I’ve shown array computing, convolution and grad today, but MLX includes the full numericalcomputing toolkit. Here is a sample. Linear algebra, FFTs, N-dimensional convolutions, Reductions, Scans, Indexing, Random number generation, and many more. There’s already a healthy ecosystem of packages built on MLX Swift. The core mlx-swift repo is the framework you’ve been seeing all session. mlx-swift-lm is where the Swift language-model implementations live. mlx-swift-examples has example programs that you can look at to get started. Examples based on this session will be posted there.
All of these are open source and are installable with a few lines with Swift Package Manager. MLX isn’t only Swift. It’s one framework with four front-ends: Swift, Python, C++, and C. Third parties have built even more front-ends if you have needs beyond that. They share the same concepts, the same operations, and the same lazy-evaluation model. The concepts and patterns transfer across them with minimal changes. So you can prototype in Python and ship in Swift.
Python also has a broader research ecosystem around it. Projects like mlx-lm and mlx-vlm are worth a look if you want to see what’s been built on the Python side.
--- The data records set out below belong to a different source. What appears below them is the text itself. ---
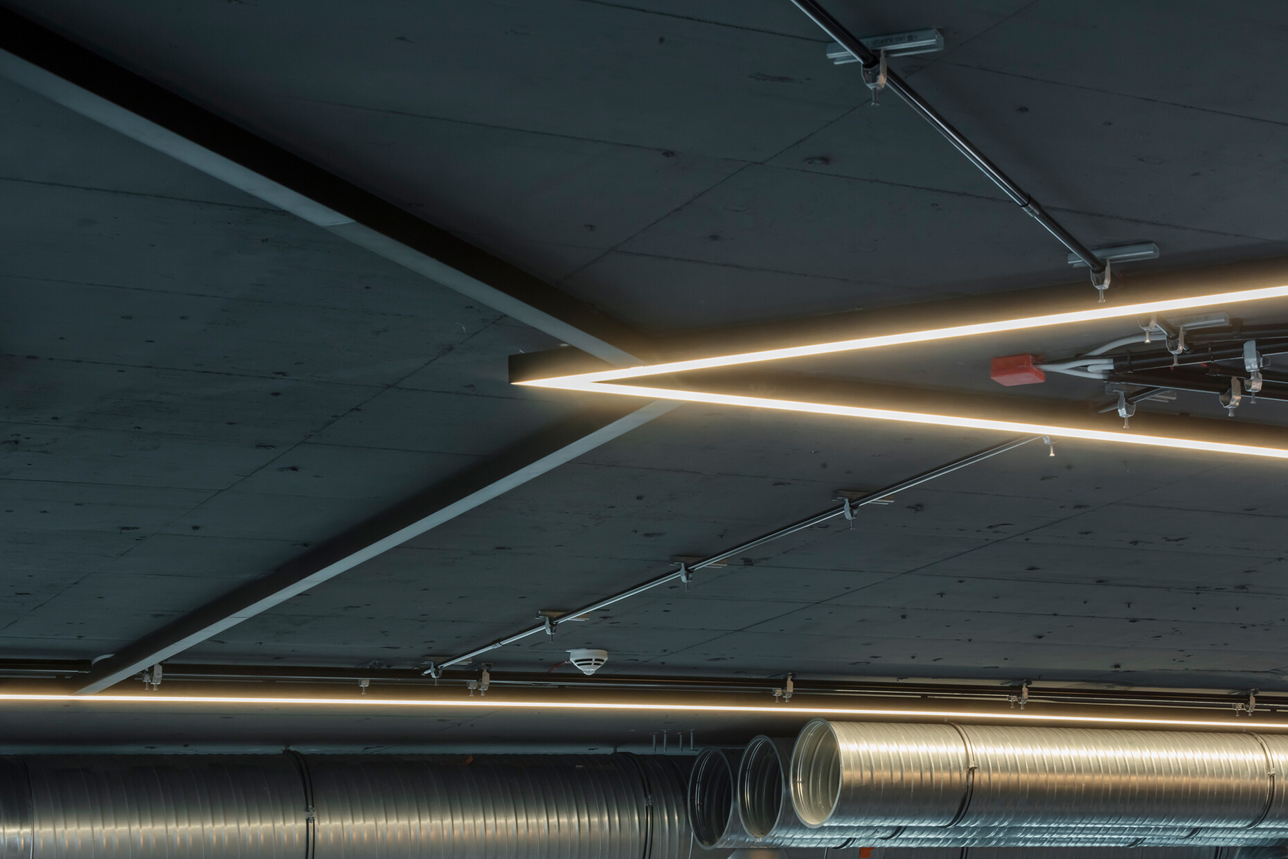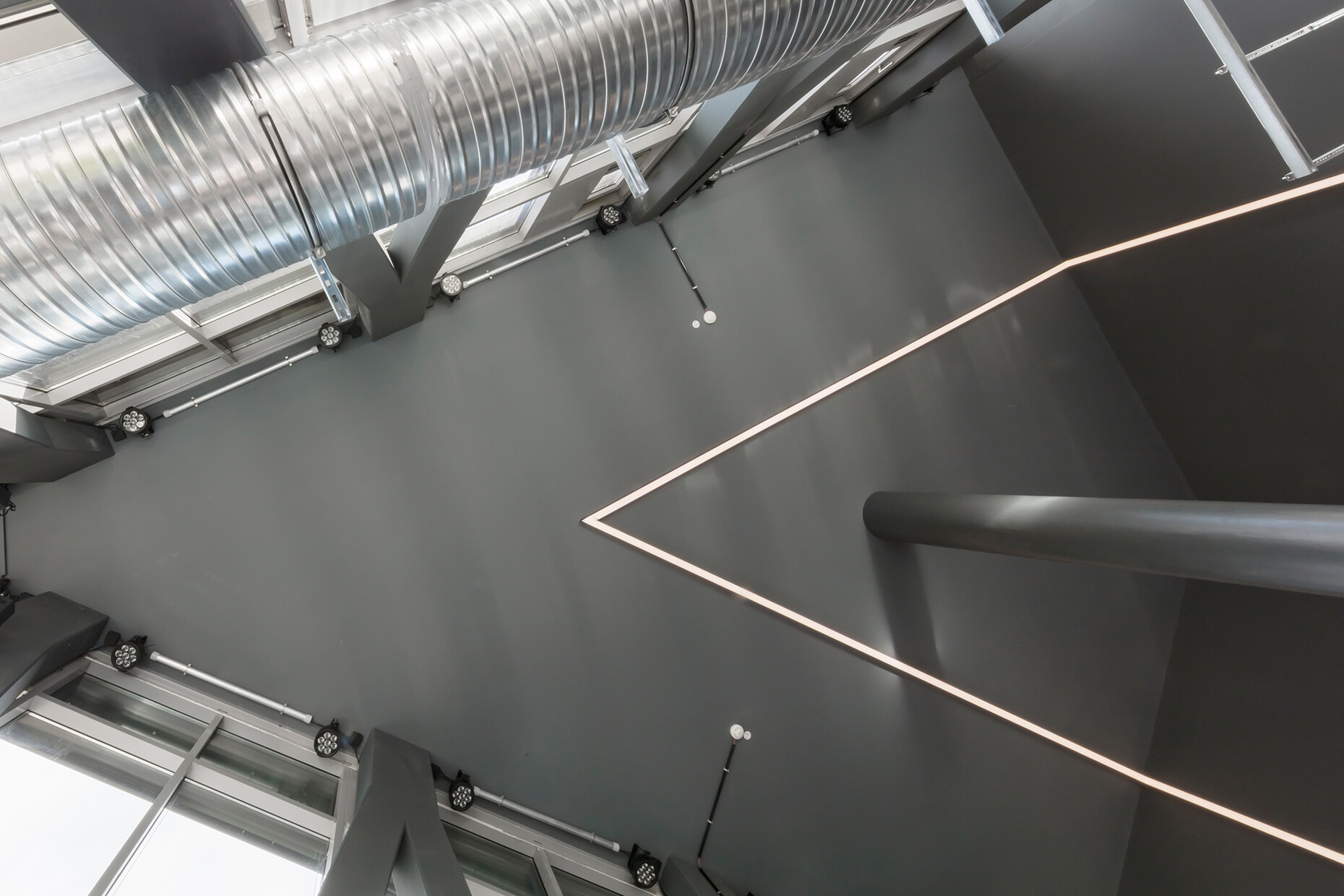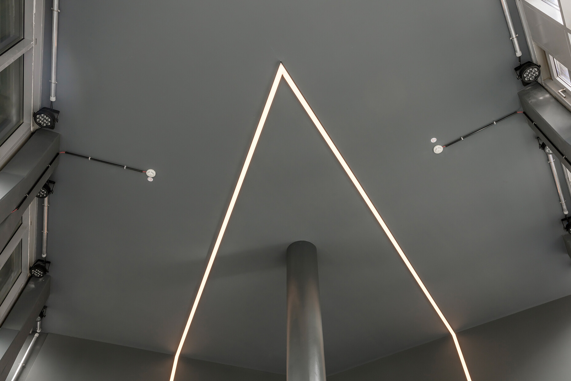 To this end, they follow the geometry of the V-shaped room, bridge various ceiling projections and form a precisely placed peak in the entrance area. Parallel to this, another light line runs close to the interior wall, its right-angled branches guiding training guests to the adjoining rooms with changing rooms, showers and toilets. As the basis for the light lines, the planners chose the aluminum profile "L-Line Standard 24", which was mounted directly on the reinforced concrete ceilings. With a width of 60 millimeters and a height of 50 millimeters, it offers enough space to accommodate the mounted LED strips together with the control gear and all the wiring. In addition, the power supply units in slimline design and the DMX dimmers are also housed there. White opal plastic was used as a cover for the aluminum profiles, which ensures uniform and soft light distribution.
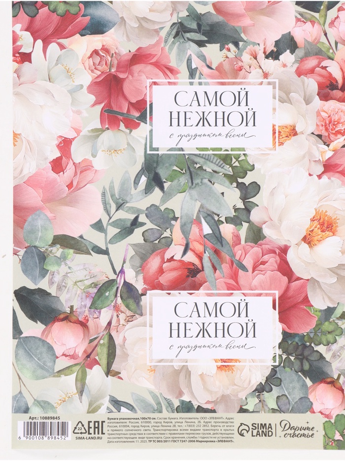 Бумага упаковочная «Цветы», 70 × 100 см — Характеристики
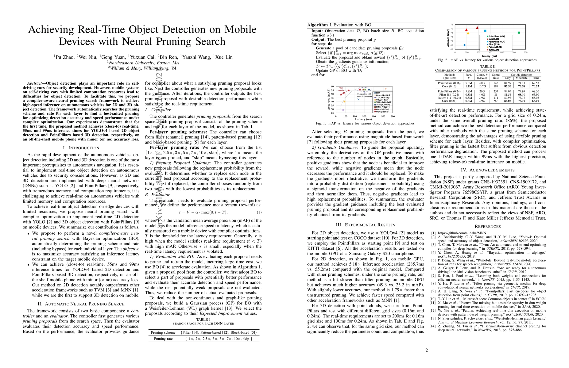 This paper proposes a compiler-aware neural pruning search framework to optimize real-time object detection on mobile devices for self-driving cars, achieving near real-time inference times with minimal accuracy loss. The method dynamically determines the best pruning scheme for each layer, resulting in 55ms and 99ms inference times for 2D and 3D detection, respectively.
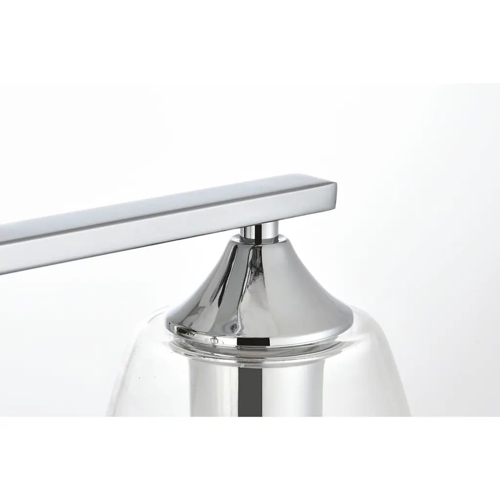 Defined by a sleek metal arm extends to suspend the clear tapered glass shade. A contemporary stunner, it shows off the straight line details from the backplate and the streamline thin metal arm. Compatible with dimmers, so you'll have the right amount of light in any given time of the day. Completely versatile, you can place this wall light as an uplight or downlight. Rated for use in damp locations, this will work perfectly over a vanity in your bathroom.
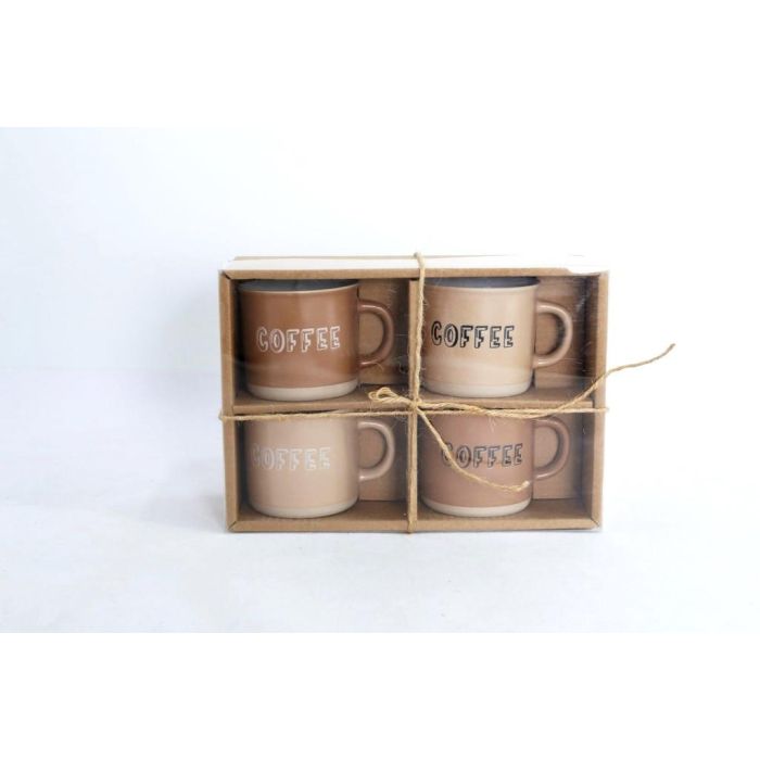 DKD Home Decor Tazas de Gres Marrón Capacidad 180ml Set de 4 Piezas 6 x 7 x 7.6 cm
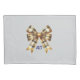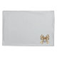 A snug, rustic design featuring a bow in a gold and black plaid pattern, accentuated with a black monogram, creates an elegantly simple pillowcase.
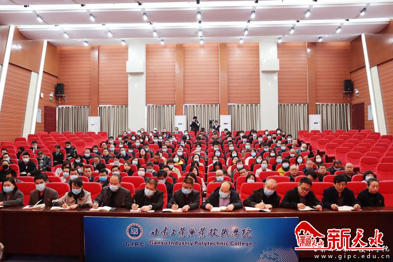 新天水讯 为深入学习贯彻习近平总书记在党史学习教育动员大会上的重要讲话精神,按照党中央决策部署和省委、省委教育工委工作要求,3月12日下午,甘肃工业职业技术学院在图书馆智敏学术报告厅召开党史学习教育动员大会。学校党委班子成员、科级及以上干部、全校师生党员、专职辅导员、马克思主义学院专职教师、“1231”工程学生和团学干部代表共200多人参加会议,校党委书记杨声作动员讲话,院长安建平主持会议。
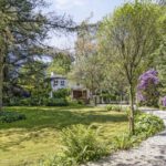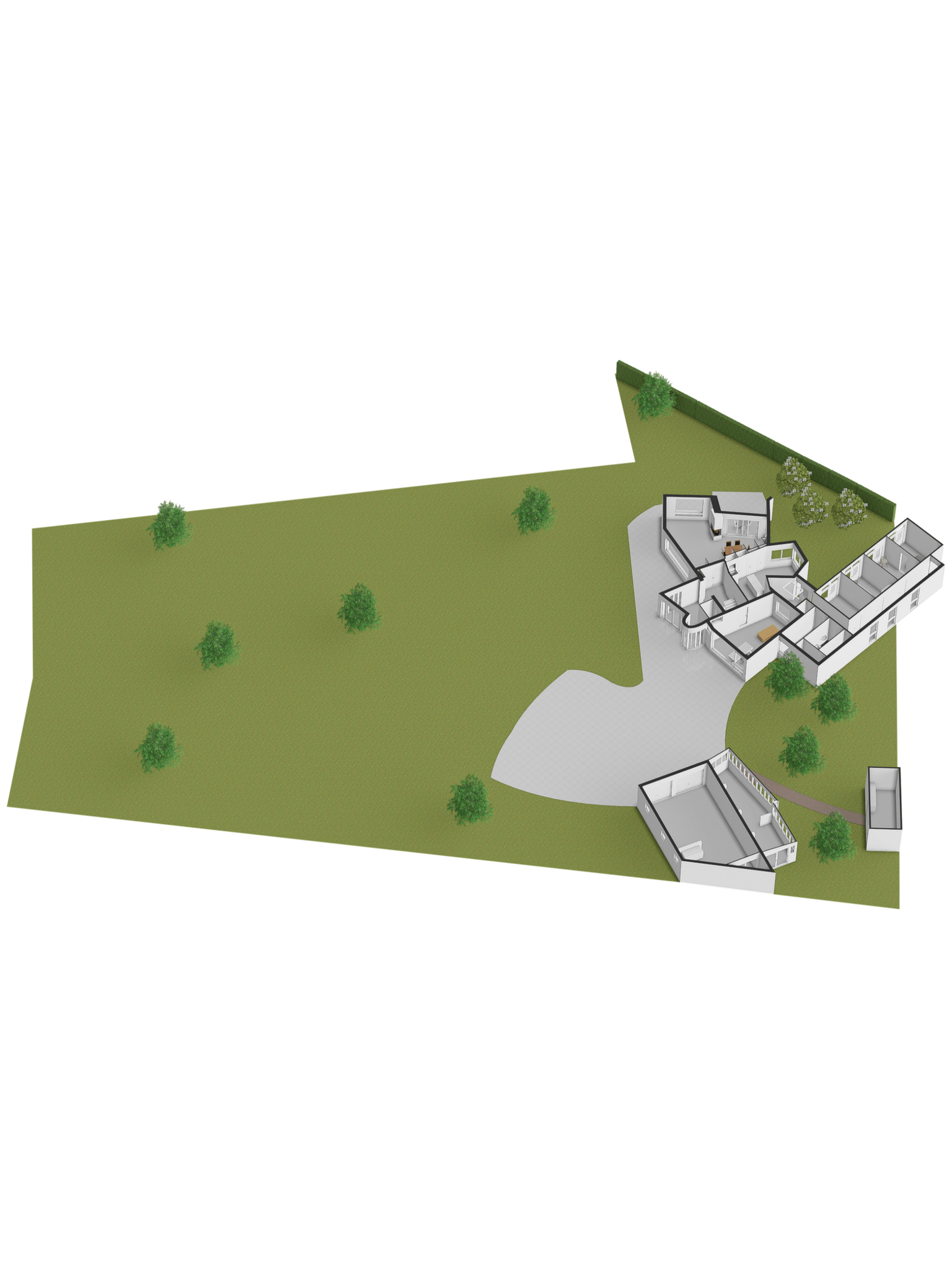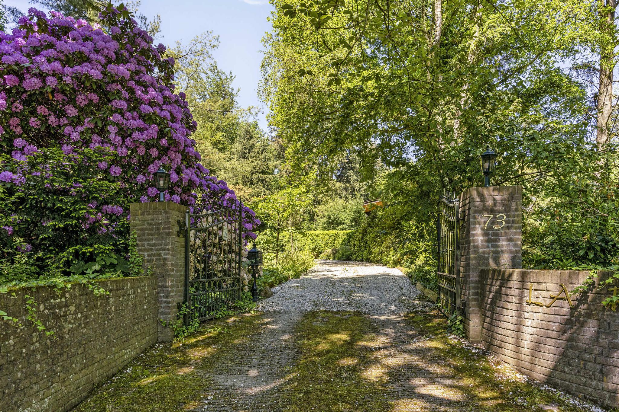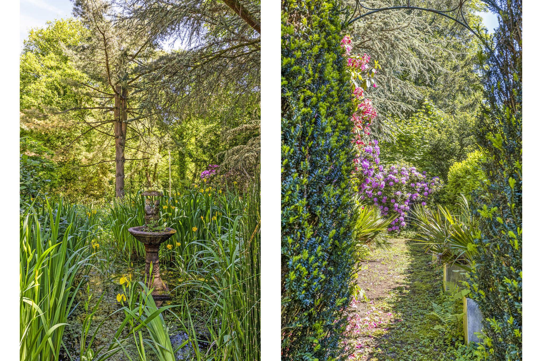 Dit object beschikt over een variatie aan terrassen, borders en gazonnen, uitkijkend over een glooiende tuin. De omringende tuin, die volop privacy garandeert, heeft een glooiend gazon met volgroeide erfafscheidingen opgevuld met heesters en bomen. De statige oprit maakt het geheel af.
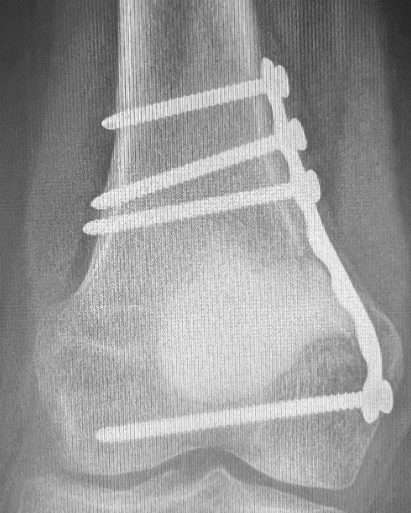 Funcionalmente el paciente esta muy contento, con una movilidad completa, sin dolor, y jugando futbol nuevamente.
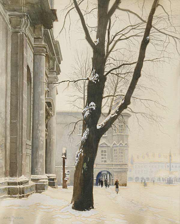 ![]() Procházka Jindřich (*Nové Město nad Metují 1888): "Sankt Jakob in Gitschin", signiert und datiert Jindřich Procházka 1937, Aquarelle Gouache/Papier, 78 x 63 cm. |
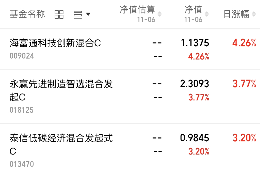 今天的科技巨头集体发威,寒武纪再次超越了贵州茅台。我之前减仓了半导体芯片,所以说今天的收益没有之前好了。$海富通科技创新混合C(OTCFUND|009024)$上涨4.26%,$永赢先进制造智选混合发起C(OTCFUND|018125)$上涨3.77%,$泰信低碳经济混合发起式C(OTCFUND|013470)$上涨3.2%。
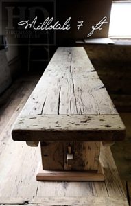 Details: 84″ Trestle Table – 42″ inches wide – Premium epoxy resin + polyurethane clearcoat finish – Reclaimed Hemlock Threshing Floor Construction – 7 ft [matching] trestle style bench – 2″ original live edge barn floor boards tops – 5 Plank Back Wormy Maple Chairs

I encourage everybody to take a look at mlx-swift and mlx-swift-examples. mlx-swift has documentation and tests you can explore to see how it works. mlx-swift-examples has a variety of example applications that demonstrate LLM integration, stable diffusion, model training and fine-tuning, and of course the examples shown in this talk.
Do you have numerical computing needs? Or just want to play around with interesting simulations and visualizations? Give it a try! And if something sparks an idea I encourage everybody to participate and contribute. There are open issues that you can try fixing or make a new example program. Thanks for watching!